Indeed, there are other groups who have identified a velocity ratio equation that varies with hemodynamic parameters. For instance, in the seminal work carried out by Pittman and Ellsworth (1986) in the arterioles and venules of the hamster retractor muscle, a velocity profile bluntness parameter (“B”) was estimated as a function of both diameter and the centerline dual sensor velocity. This parameter has been beneficial in determining velocity ratios for use in mathematical modelling of the rat mesentery (Pries et al., 1989); however, as highlighted in their conclusions (Pittman & Ellsworth, 1986) their study was not based on absolute in vivo velocity calibrations such that any estimates made using their bluntness factor are subject to confounding variables that are inherent in the use of the dual sensor technique. Despite the fact that their bluntness parameter was not based on in vivo velocity calibrations, use of this parameter in calculation of velocity ratios is
far more advantageous than assuming a fixed velocity ratio. Our velocity ratio equation, described in the thesis herein, was derived from in vivo red blood cell velocity
calibrations and only requires diameter as an input variable which can easily be collected from intravital experiments.

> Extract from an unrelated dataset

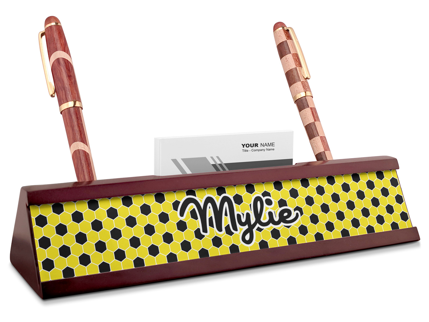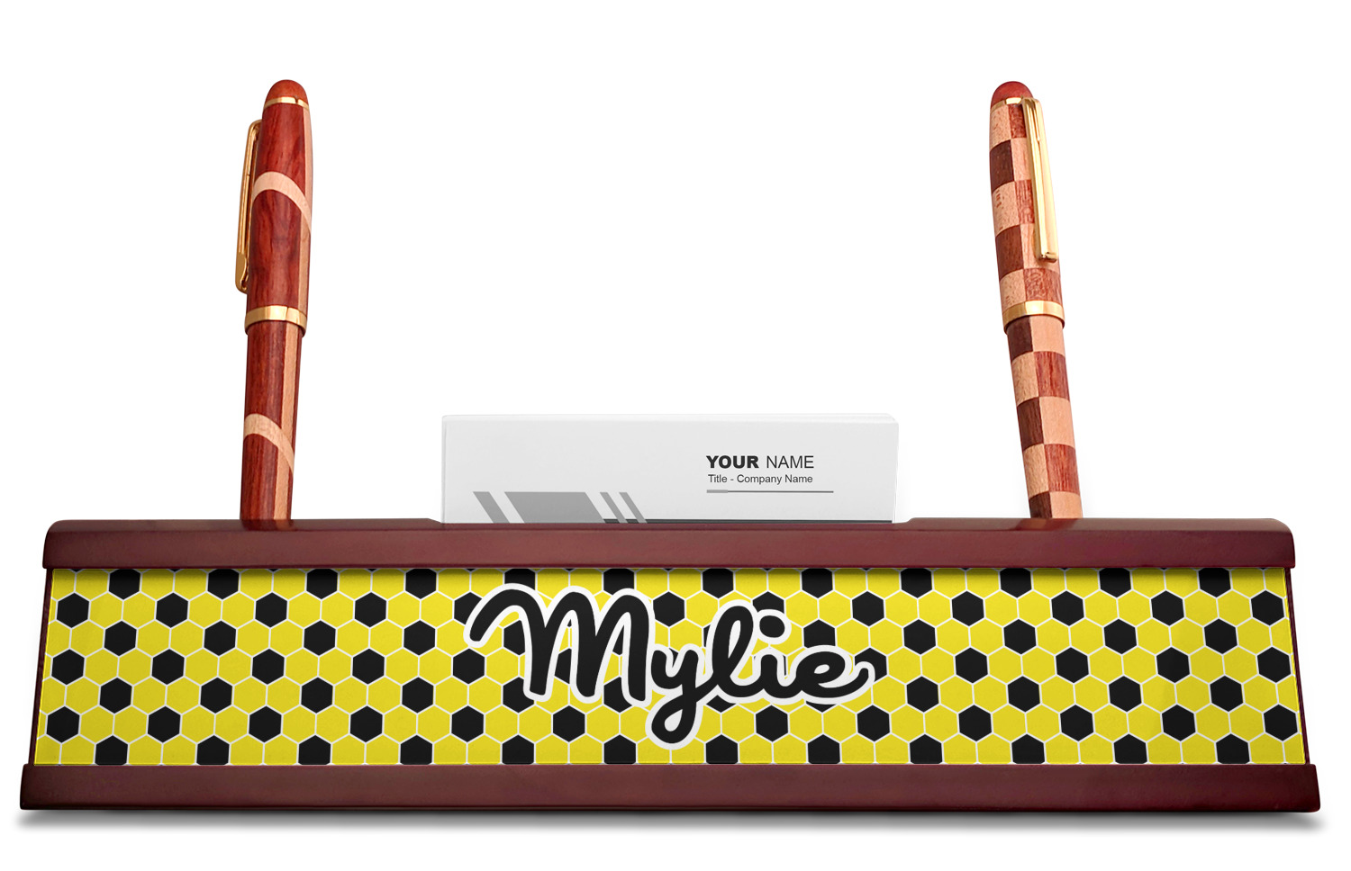 Your desk name plates are crafted from a high-quality, dark-cherry mahogany. At approximately 9.5 by 1.875 by 2.5 inches, this name plaque will fit perfectly, front and center, on your desk. Your customization spans across the entire face of the nameplate. Behind the nameplate lies a skinny slot that can fit approximately 15, traditionally-sized, business cards. You can also store your writing utensils on either side of this custom desk name plate.

Moreover, the diameter-blood flow relationships acquired using our “streak length” velocity measurement technique was in accordance with diameter-blood flow relationships for both the rat cremaster muscle (Mayrovitz & Roy, 1983; House & Lipowsky, 1987), and the theoretical “cubic law” first described by Murray (Murray, 1926). Therefore, we prescribe use of our velocity ratio equation over others as it is derived from in vivo red blood cell velocity measurements, and the diameter-blood flow relationship derived in our study is in agreement with that found by other groups.